• Problem details: Your output should be exactly the lines from the one containing "take 2 tbsp" through the final line of the records, both included, with every picture left out.

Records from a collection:
=== Section Start ===
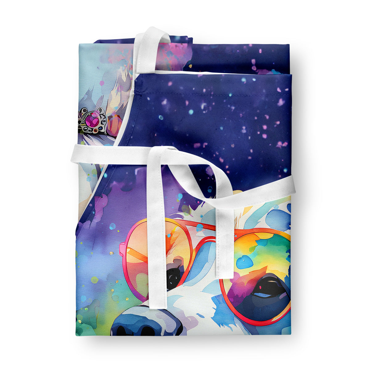 Elevate your cooking, baking, and grilling experiences with our versatile Kitchen or BBQ Apron. This Bib Style apron isn't just limited to culinary activities - it also serves as an excellent baking apron, artist apron, server apron, gardening apron, or even a dog grooming apron. The apron showcases vibrant full-color artwork contributed by one of our talented artists, bringing a dash of style to your daily tasks. With dimensions of approximately 27"W x 30"H, it provides ample coverage to protect your clothing from spills and splashes. Our apron is meticulously crafted from 100% Ultra Spun Polyester, known for its durability and lightweight nature. The apron comes with white tie straps, ensuring a comfortable and adjustable fit for all. It's a perfect choice for kitchen apron enthusiasts, whether you are a woman or a man. Designed for easy maintenance, this apron is fully machine washable. The quick-drying polyester material actively reduces staining, keeping your apron looking fresh and new for longer. Our beautifully designed apron isn't just a functional kitchen accessory - it's a fashion statement in the culinary world!
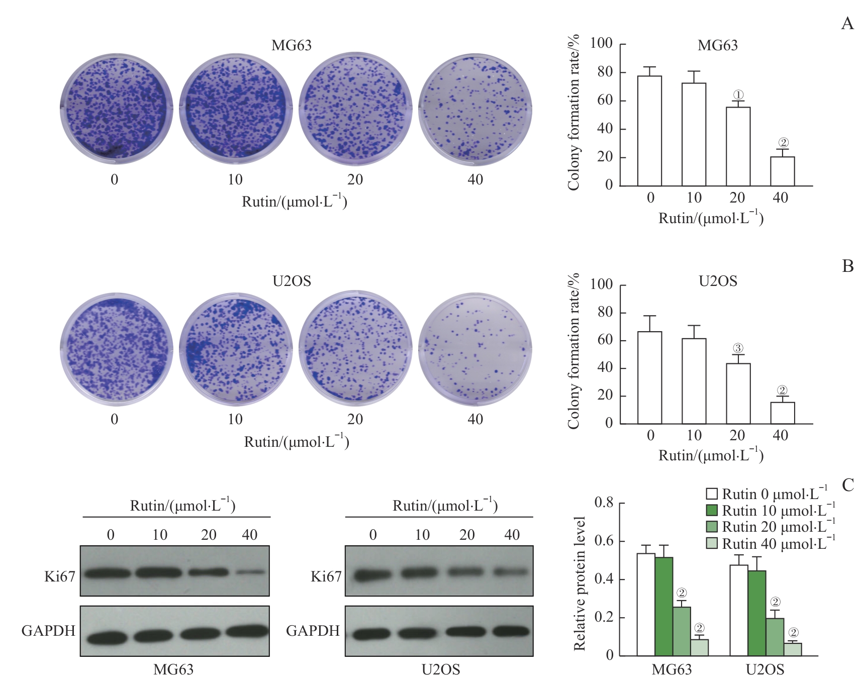 | 图2 芦丁对骨肉瘤细胞克隆形成的影响 Note:A. Representative images of MG63 cell clones and statistics of colony formation rate. B. Representative images of U2OS cell clones and statistics of colony formation rate. C. Western blotting was used to detect the expression of Ki67 protein, and the relative expression of Ki67 in MG63 and U2OS cells was analyzed. ①P=0.005, ②P<0.001, ③P=0.019, compared with the rutin 0 μmol/L group. |
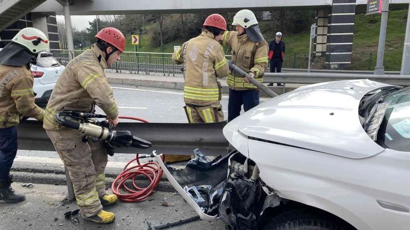 E-5 Karayolu’nda otomobil bariyerlere ok gibi saplandı
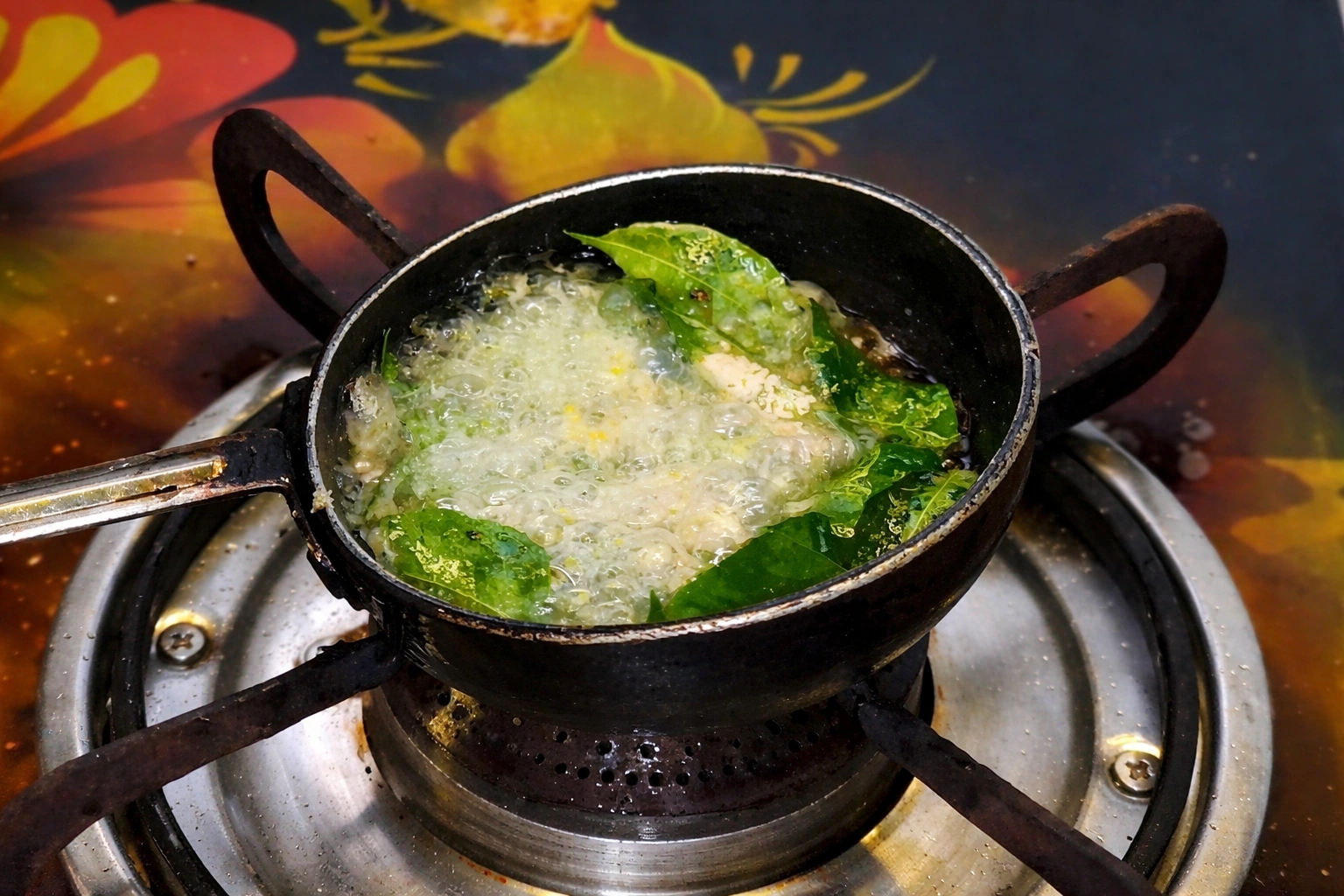 take 2 tbsp oil on small pan add mustard seed, than add curry leaves, add chopped green chilli, add asofoetida
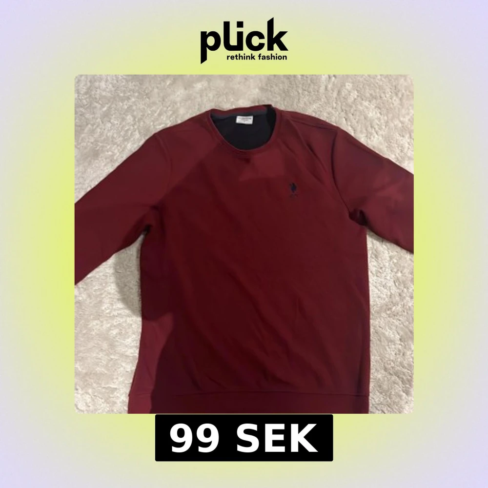 Snygg vinröd sweatshirt från U.S. Polo Assn. i storlek L. Tröjan har rund hals, långärmade ärmar och ett diskret broderat logomärke på bröstet. Materialet känns mjukt och skönt, perfekt för chill dagar. Passar dig som gillar enkel och stilren design.
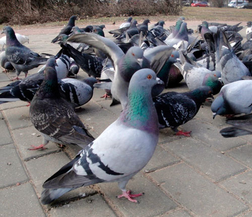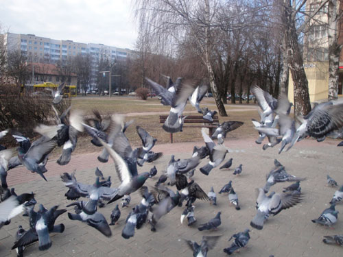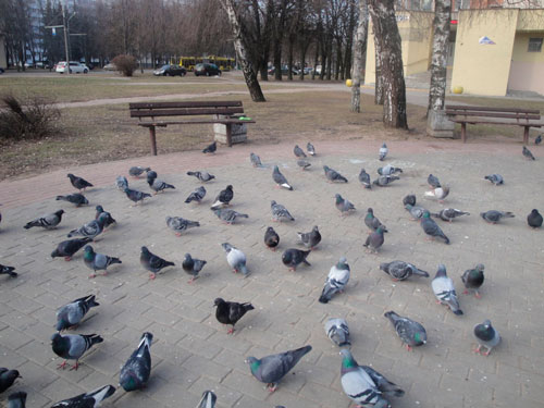 В районе, где мы живем, голубей очень много, особенно в одном месте, там их подкармливают, вот они и прижились. Туда-то мы и направились понаблюдать.
=== Section End ===
• Result of the exercise:
 take 2 tbsp oil on small pan add mustard seed, than add curry leaves, add chopped green chilli, add asofoetida
 Snygg vinröd sweatshirt från U.S. Polo Assn. i storlek L. Tröjan har rund hals, långärmade ärmar och ett diskret broderat logomärke på bröstet. Materialet känns mjukt och skönt, perfekt för chill dagar. Passar dig som gillar enkel och stilren design.
 В районе, где мы живем, голубей очень много, особенно в одном месте, там их подкармливают, вот они и прижились. Туда-то мы и направились понаблюдать.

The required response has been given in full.